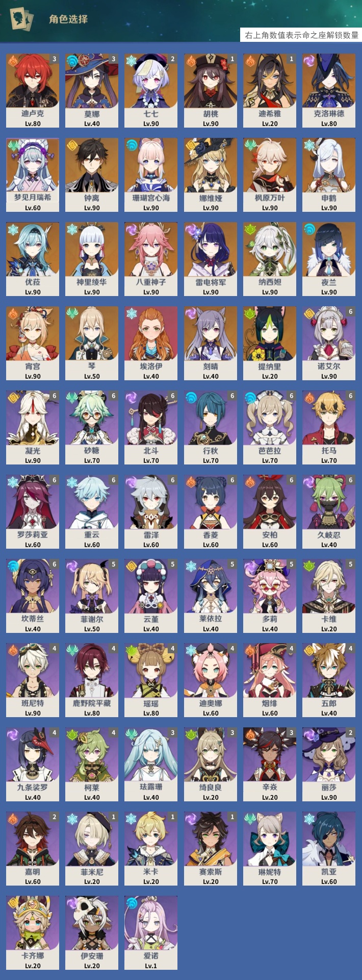 五星角色:胡桃,刻晴,莫娜,七七,迪卢克,琴,钟离,优菈,八重神子,雷电将军,克洛琳德,娜维娅,纳西妲,提纳里,迪希雅,枫原万叶,神里绫华,宵宫,珊瑚宫心海,申鹤,夜兰
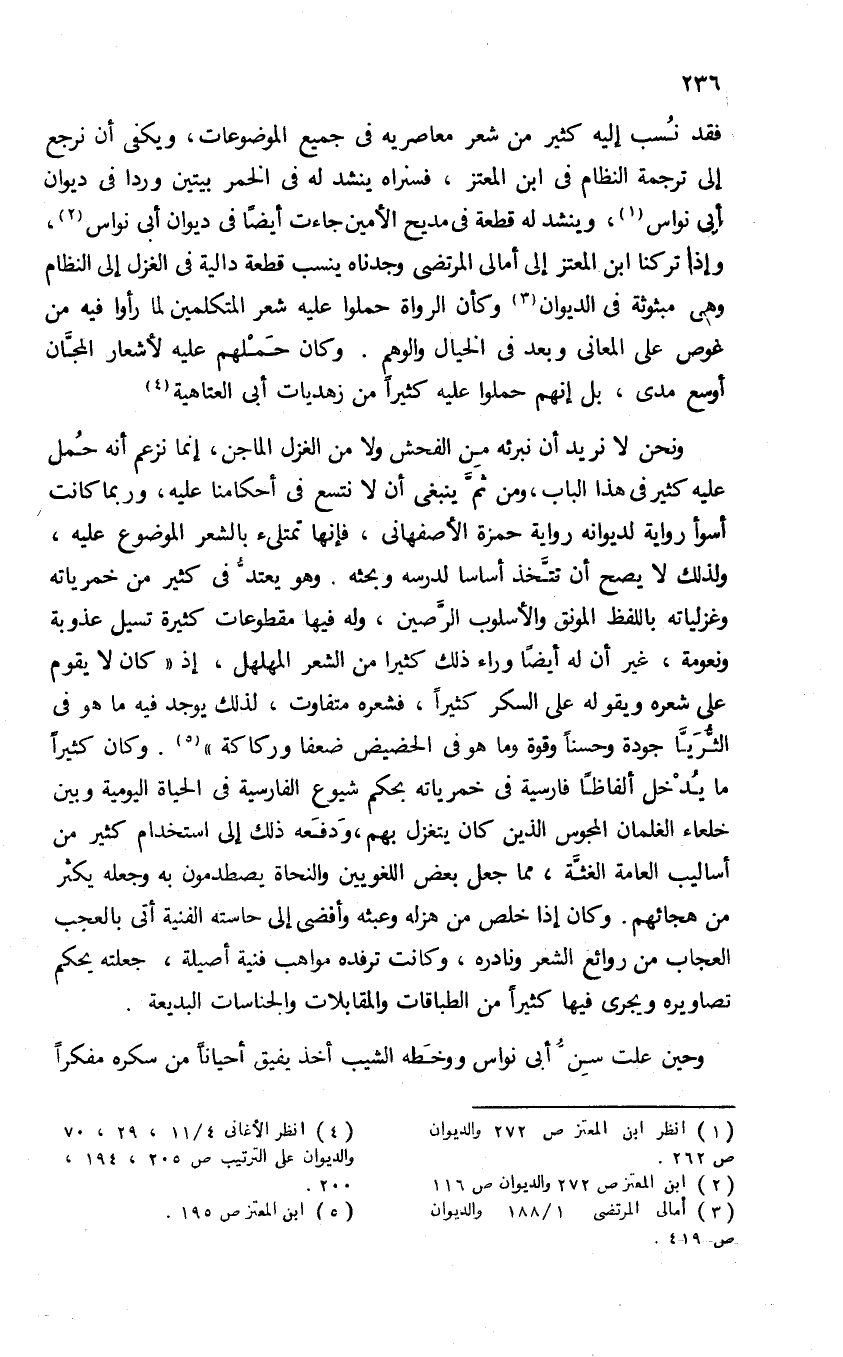 ونحن لا نريد أن نبرئه من الفحش ولا من الغزل الماجن، إنما نزعم أنه حمل عليه كثير فى هذا الباب، ومن ثمّ ينبغى أن لا نتسع فى أحكامنا عليه، وربما كانت أسوأ رواية لديوانه رواية حمزة الأصفهانى، فإنها تمتلئ بالشعر الموضوع عليه، ولذلك لا يصح أن تتّخذ أساسا لدرسه وبحثه. وهو يعتدّ فى كثير من خمرياته وغزلياته باللفظ المونق والأسلوب الرّصين، وله فيها مقطوعات كثيرة تسيل عذوبة ونعومة، غير أن له أيضا وراء ذلك كثيرا من الشعر المهلهل، إذ «كان لا يقوم على شعره ويقوله على السكر كثيرا، فشعره متفاوت، لذلك يوجد فيه ما هو فى الثّريّا جودة وحسنا وقوة وما هو فى الحضيض ضعفا وركاكة» (¬5). وكان كثيرا ما يدخل ألفاظا فارسية فى خمرياته بحكم شيوع الفارسية فى الحياة اليومية وبين خلعاء الغلمان المجوس الذين كان يتغزل بهم، ودفعه ذلك إلى استخدام كثير من أساليب العامة الغثّة، مما جعل بعض اللغويين والنحاة يصطدمون به وجعله يكثر من هجائهم. وكان إذا خلص من هزله وعبثه وأفضى إلى حاسته الفنية أتى بالعجب العجاب من روائع الشعر ونادره، وكانت ترفده مواهب فنية أصيلة، جعلته يحكم تصاويره ويجرى فيها كثيرا من الطباقات والمقابلات والجناسات البديعة.
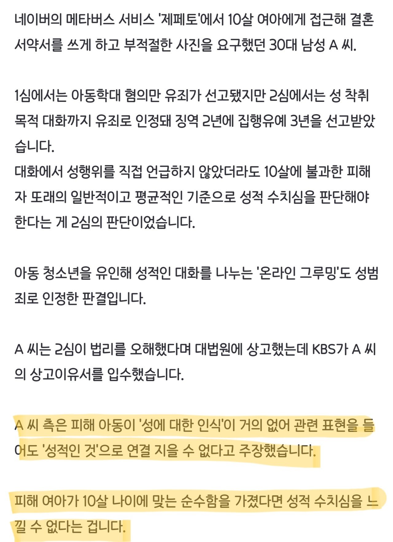 [단독] 10살 여아 ‘온라인 그루밍’에 무죄 주장…가해자 상고이유서 보니
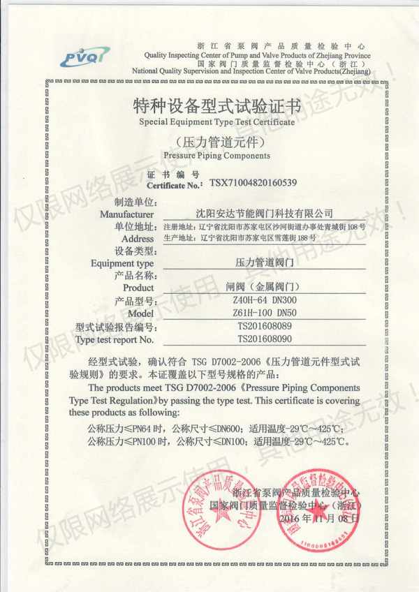 安達(dá)閥門特種設(shè)備型式實驗證書
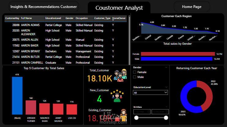 تحليل رؤى العملاء: الجنس، والمستوى التعليمي، والعملاء العائدين مقابل العملاء الجدد.
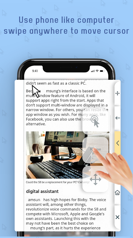 از یک مکان نما/نشانگر موس مانند کامپیوتر برای کنترل آسان گوشی های هوشمند بزرگ مانند سری Note یا تبلت با یک دست استفاده کنید. به طور فزاینده ای، اندازه تلفن همراه در حال افزایش است و کار با تلفن همراه / پد با یک دست را دشوار می کند. Big Phone Mouse Big Screen Mouse Pointer برنامه ای عالی برای کاربران قدرتمندی است که از حرکات کشیدن انگشت برای ناوبری + اشاره گر ماوس استفاده گسترده ای می کنند.
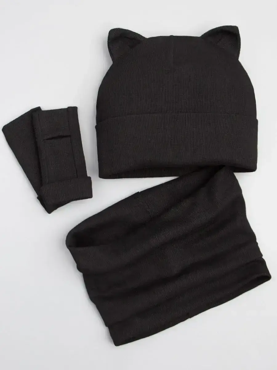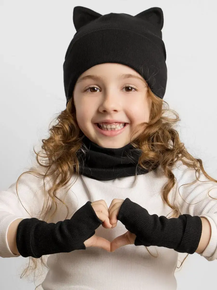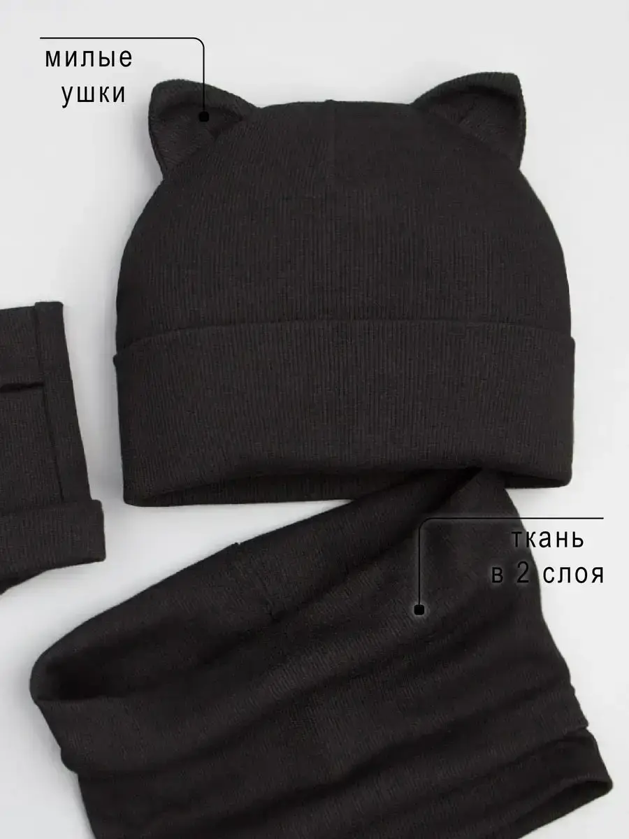 Шапка осенняя для девочки с ушками, снудом и митенками – это стильный и уютный вариант на осень и теплую зиму для вашего малыша! Хотите, чтобы ваш ребенок чувствовал себя комфортно и стильно в любую погоду? Тогда этот комплект шапка с ушками, снуд и митенки - идеальный вариант для вас! Демисезонная шапка с ушками для девочки из мягкого и приятного к телу трикотажа отлично защитит от ветра и холода в переходные периоды года. Широкий отворот закрывает уши и не дает холоду проникнуть, а ушки придают образу малыша особую милость и очарование.
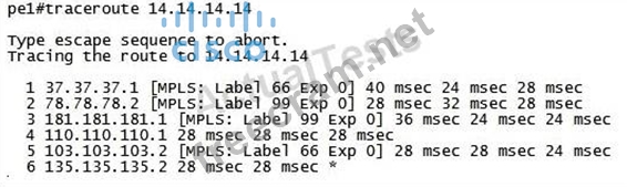 Question 57: Scenario: (Exhibit) From PE8 router, what is the label actio...
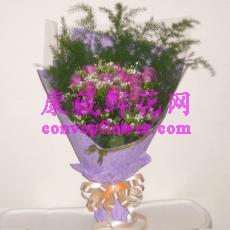 材料:紫玫瑰11枝,紫色郁金香9枝,石竹梅或绿叶搭配,绿叶,紫色高档包装(此花预定前请先咨询,并限送各大城市)
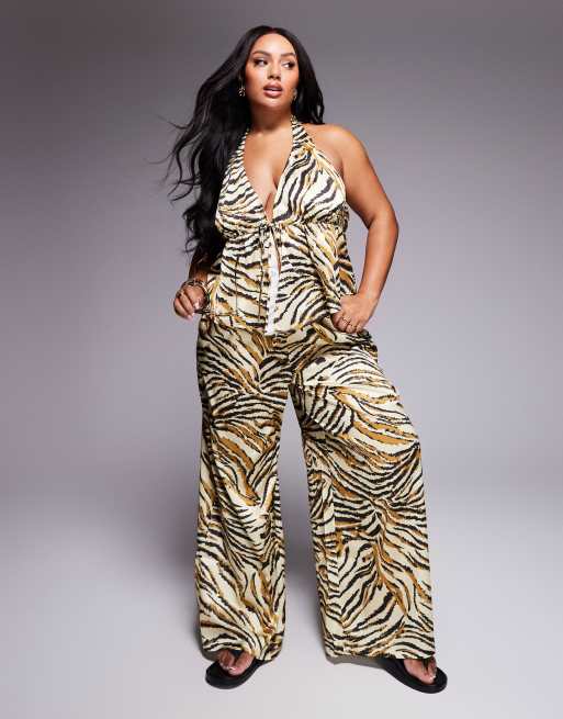 ASOS DESIGN Curve – Gia – Djurmönstrade byxor i satin

Problem details: Out of the records above, please copy exactly the lines from the line with "[단독] 10살 여아 ‘온라인 그루밍’에 무죄 주장…가해자 상고이유서 보니" up to and including the line with "تحليل رؤى العملاء: الجنس،", minus the pictures.

Output for this task:
 [단독] 10살 여아 ‘온라인 그루밍’에 무죄 주장…가해자 상고이유서 보니
 安達(dá)閥門特種設(shè)備型式實驗證書
 تحليل رؤى العملاء: الجنس، والمستوى التعليمي، والعملاء العائدين مقابل العملاء الجدد.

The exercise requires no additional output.